Could you retype the lines below, starting at the line holding "100% Leinen. Kunststoffknöpfe, Metallhaken" and stopping at the line holding "Modular gear is", inclusive? Copy them exactly and drop the images.

_Provided information_
■ ■ ■ ■ ■ ■ ■

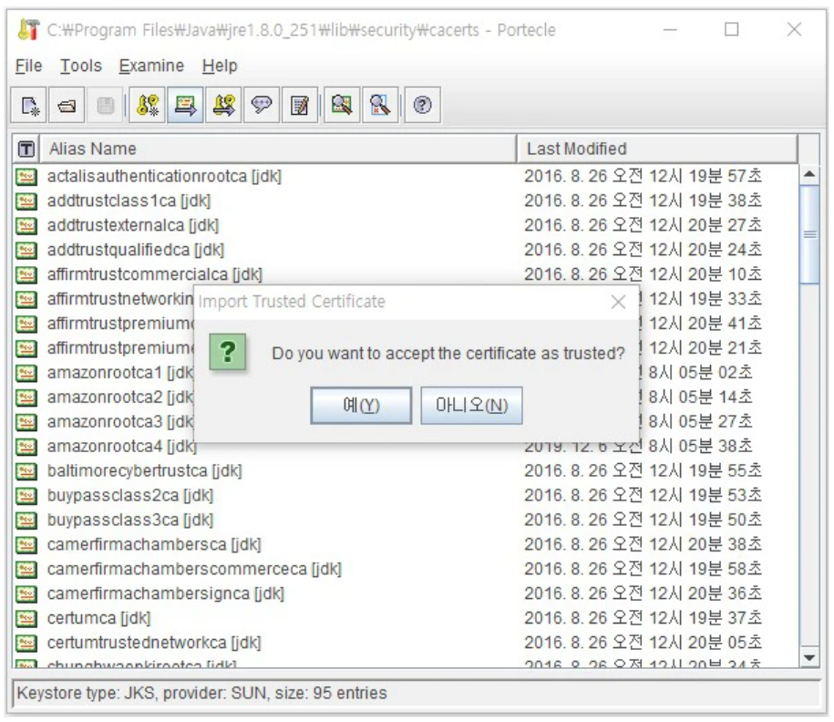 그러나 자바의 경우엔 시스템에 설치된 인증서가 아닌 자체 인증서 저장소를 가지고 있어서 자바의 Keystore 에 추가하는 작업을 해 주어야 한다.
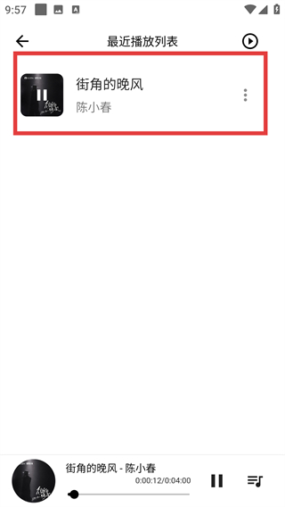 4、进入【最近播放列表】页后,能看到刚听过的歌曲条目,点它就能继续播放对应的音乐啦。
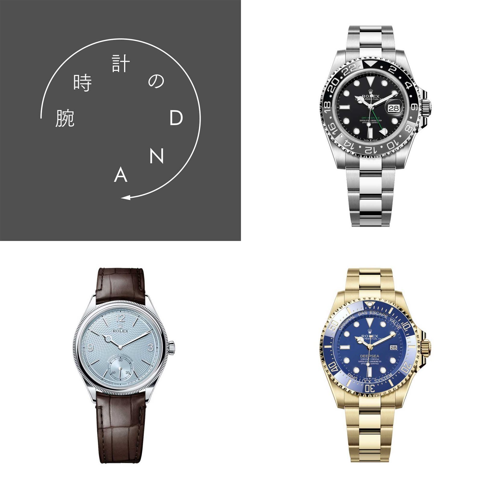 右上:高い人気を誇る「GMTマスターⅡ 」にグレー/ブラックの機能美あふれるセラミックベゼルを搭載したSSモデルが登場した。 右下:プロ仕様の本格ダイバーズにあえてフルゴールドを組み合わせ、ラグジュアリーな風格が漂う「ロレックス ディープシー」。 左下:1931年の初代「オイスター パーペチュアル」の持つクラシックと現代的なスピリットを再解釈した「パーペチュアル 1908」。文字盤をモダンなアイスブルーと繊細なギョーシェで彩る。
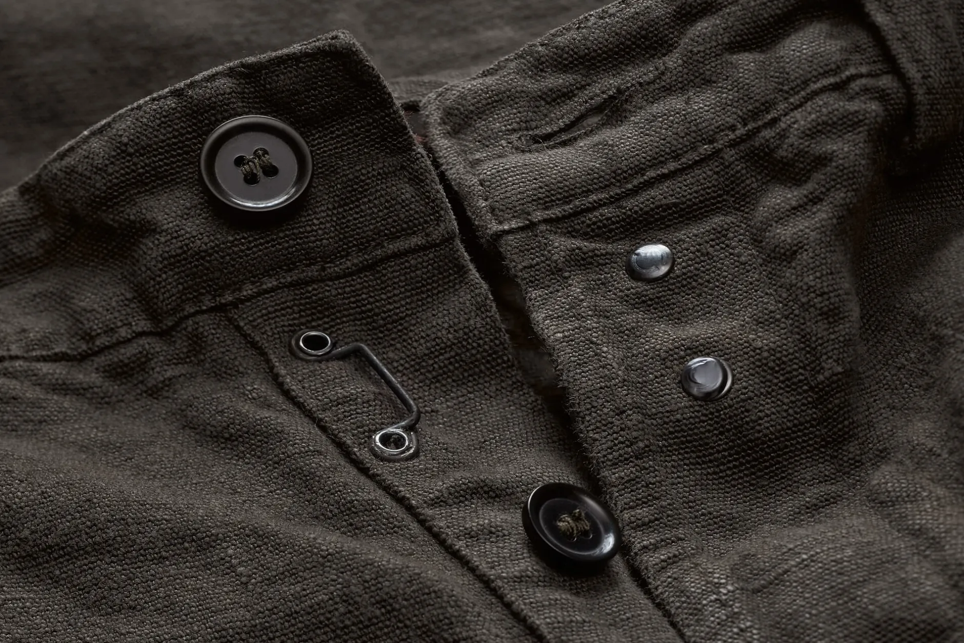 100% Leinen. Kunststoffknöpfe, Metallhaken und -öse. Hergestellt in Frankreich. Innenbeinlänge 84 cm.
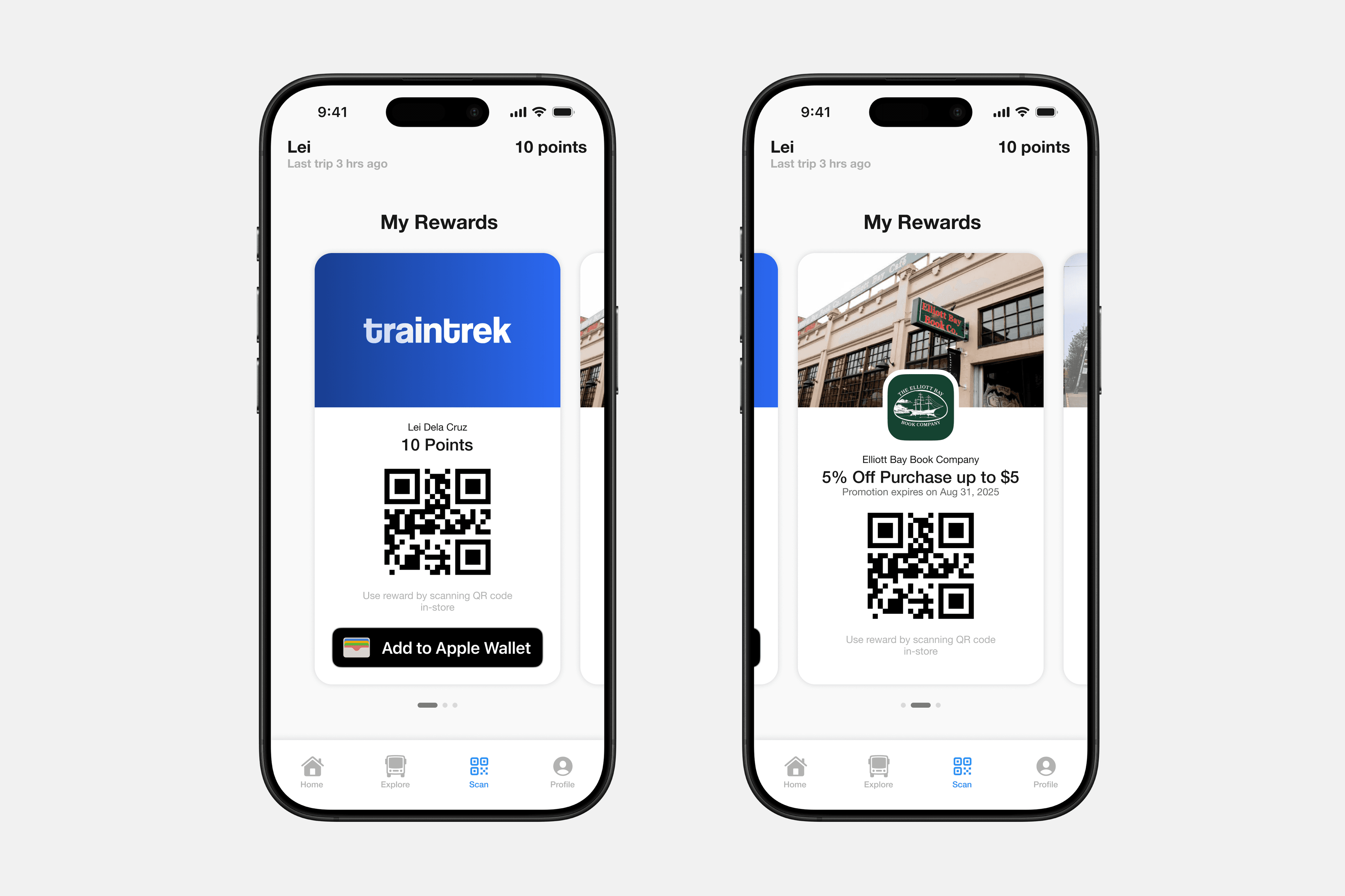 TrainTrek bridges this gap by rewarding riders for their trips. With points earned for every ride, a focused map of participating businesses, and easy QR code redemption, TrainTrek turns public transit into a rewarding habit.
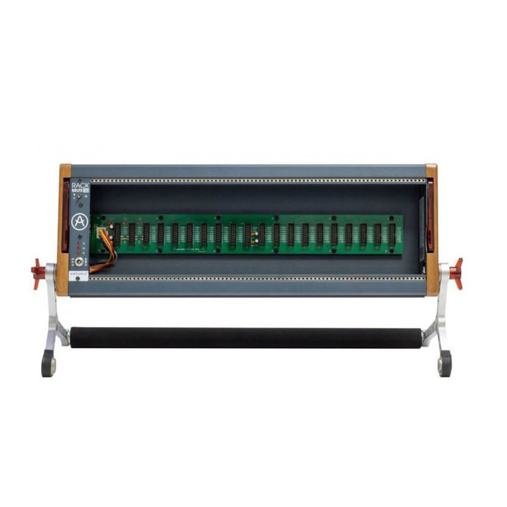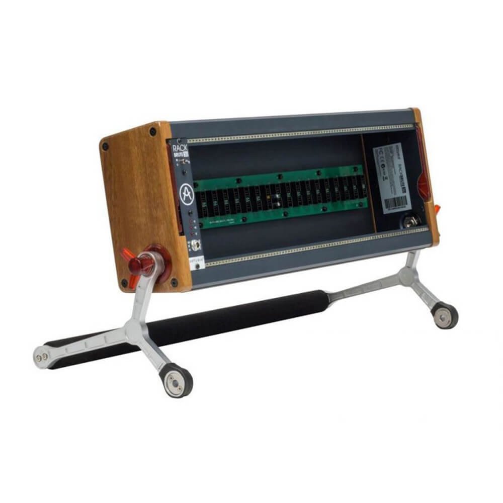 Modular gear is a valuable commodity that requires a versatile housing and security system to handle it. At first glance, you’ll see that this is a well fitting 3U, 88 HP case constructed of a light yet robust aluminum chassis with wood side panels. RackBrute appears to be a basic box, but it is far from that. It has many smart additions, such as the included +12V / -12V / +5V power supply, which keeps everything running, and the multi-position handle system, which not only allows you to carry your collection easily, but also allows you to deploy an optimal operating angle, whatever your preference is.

■ ■ ■ ■ ■ ■ ■

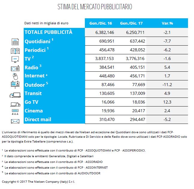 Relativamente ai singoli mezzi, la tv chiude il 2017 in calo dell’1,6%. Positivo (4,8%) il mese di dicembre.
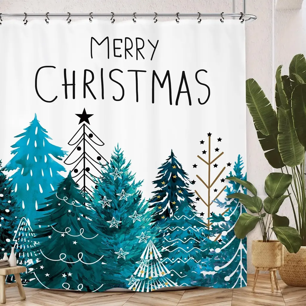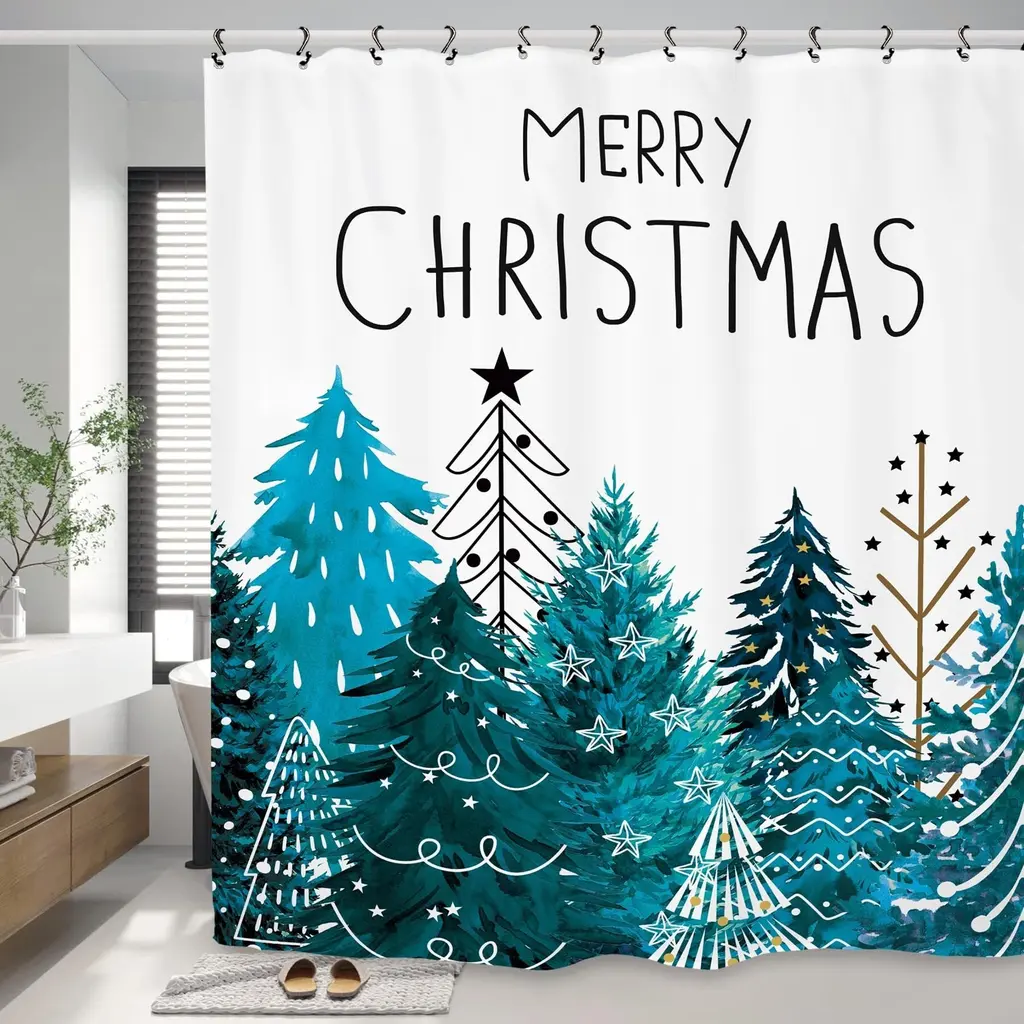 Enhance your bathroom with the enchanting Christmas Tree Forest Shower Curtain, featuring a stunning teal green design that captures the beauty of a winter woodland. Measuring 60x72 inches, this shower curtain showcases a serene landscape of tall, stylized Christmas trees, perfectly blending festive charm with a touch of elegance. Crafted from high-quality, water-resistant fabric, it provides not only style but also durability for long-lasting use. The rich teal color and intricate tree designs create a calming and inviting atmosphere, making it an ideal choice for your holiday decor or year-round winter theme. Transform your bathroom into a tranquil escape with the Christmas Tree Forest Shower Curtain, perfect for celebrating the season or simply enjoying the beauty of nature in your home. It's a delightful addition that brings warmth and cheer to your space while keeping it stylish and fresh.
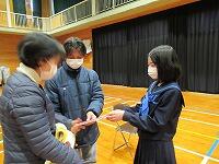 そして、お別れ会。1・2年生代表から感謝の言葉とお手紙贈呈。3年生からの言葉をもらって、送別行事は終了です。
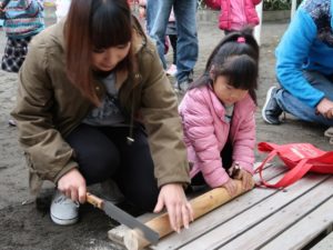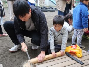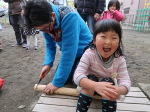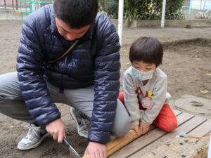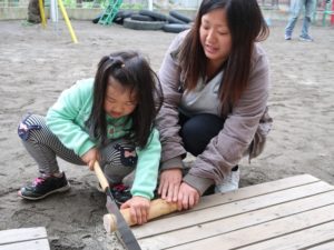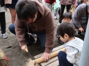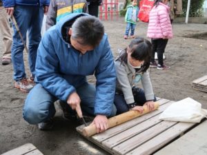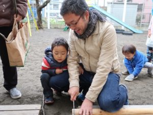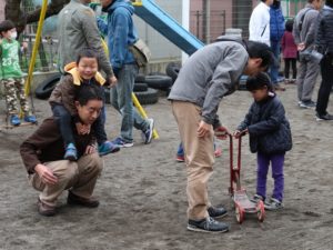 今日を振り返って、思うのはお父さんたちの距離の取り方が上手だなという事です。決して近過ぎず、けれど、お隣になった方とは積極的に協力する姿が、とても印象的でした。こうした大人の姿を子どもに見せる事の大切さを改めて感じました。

■ ■ ■ ■ ■ ■ ■

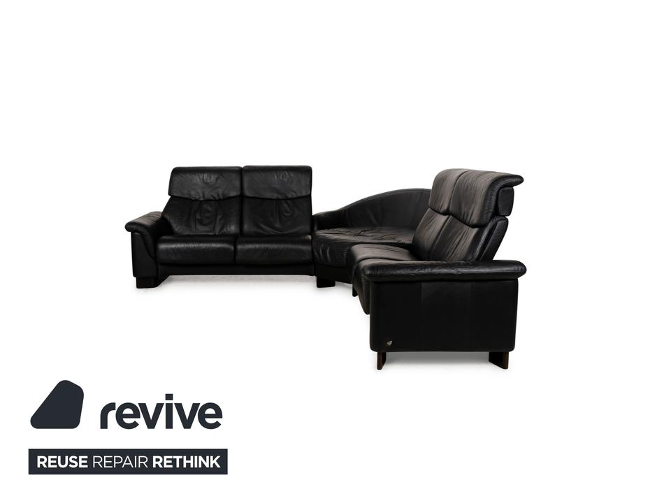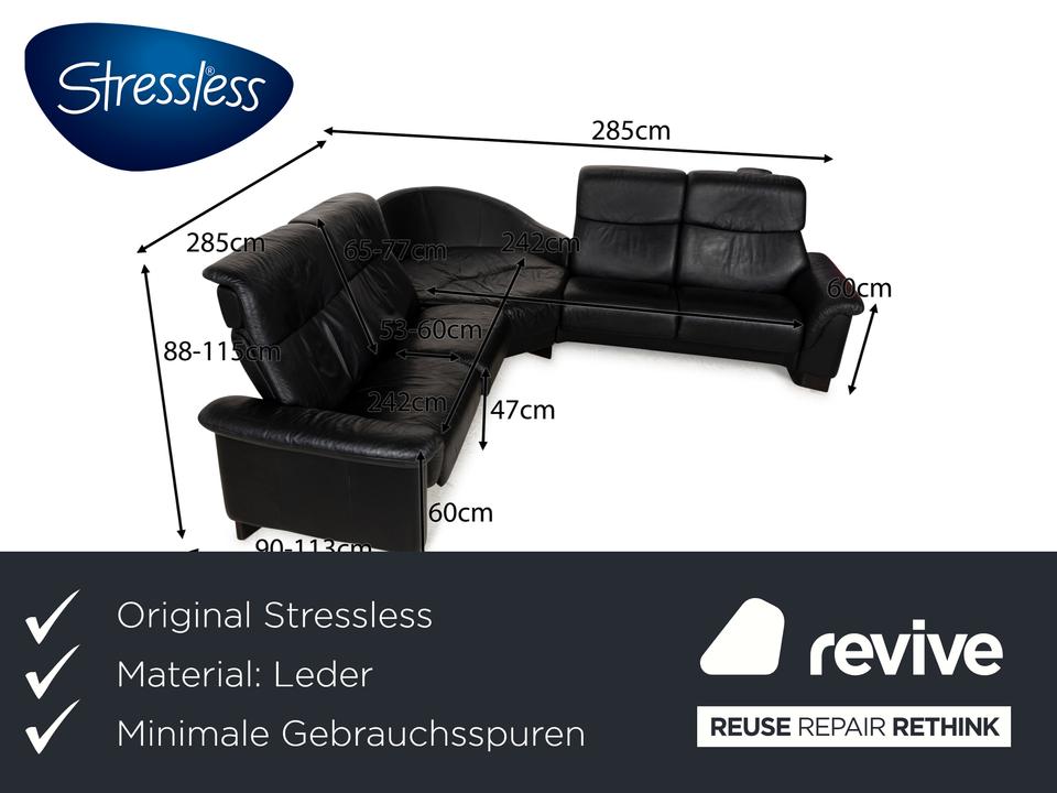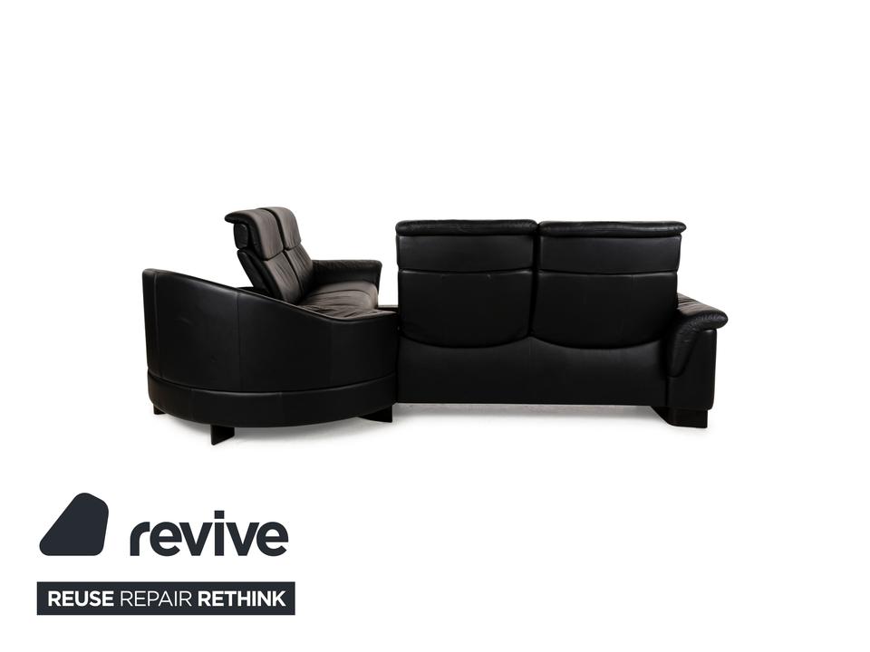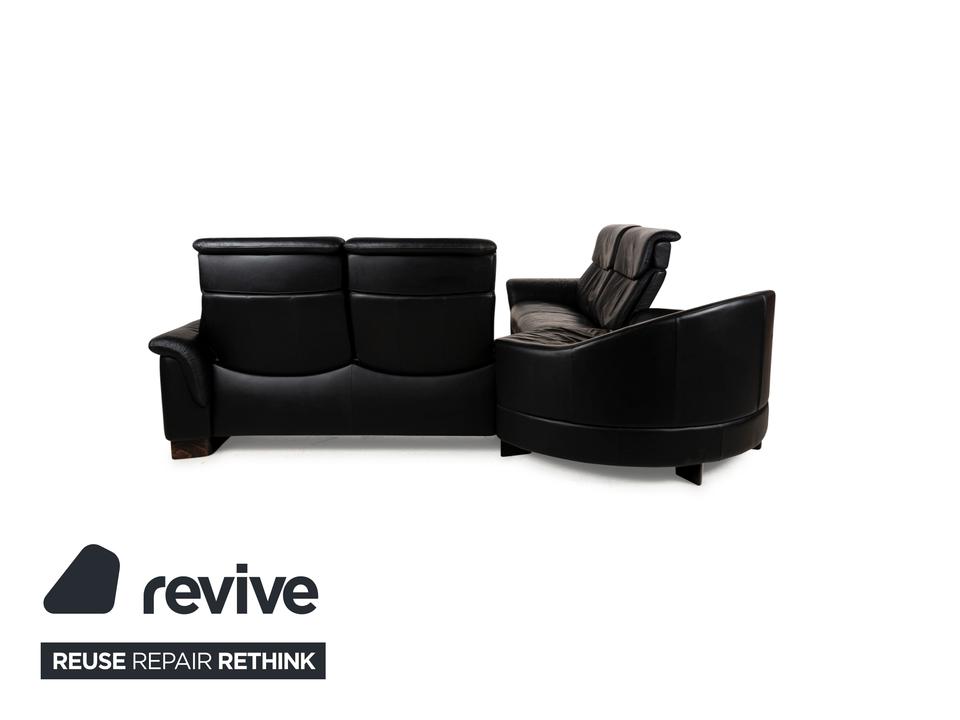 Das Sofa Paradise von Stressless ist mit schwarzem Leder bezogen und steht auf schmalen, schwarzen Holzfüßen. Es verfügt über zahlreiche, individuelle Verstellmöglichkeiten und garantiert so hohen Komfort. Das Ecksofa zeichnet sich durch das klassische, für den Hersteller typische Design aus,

■ ■ ■ ■ ■ ■ ■

_The answer_
 100% Leinen. Kunststoffknöpfe, Metallhaken und -öse. Hergestellt in Frankreich. Innenbeinlänge 84 cm.
 TrainTrek bridges this gap by rewarding riders for their trips. With points earned for every ride, a focused map of participating businesses, and easy QR code redemption, TrainTrek turns public transit into a rewarding habit.
 Modular gear is a valuable commodity that requires a versatile housing and security system to handle it. At first glance, you’ll see that this is a well fitting 3U, 88 HP case constructed of a light yet robust aluminum chassis with wood side panels. RackBrute appears to be a basic box, but it is far from that. It has many smart additions, such as the included +12V / -12V / +5V power supply, which keeps everything running, and the multi-position handle system, which not only allows you to carry your collection easily, but also allows you to deploy an optimal operating angle, whatever your preference is.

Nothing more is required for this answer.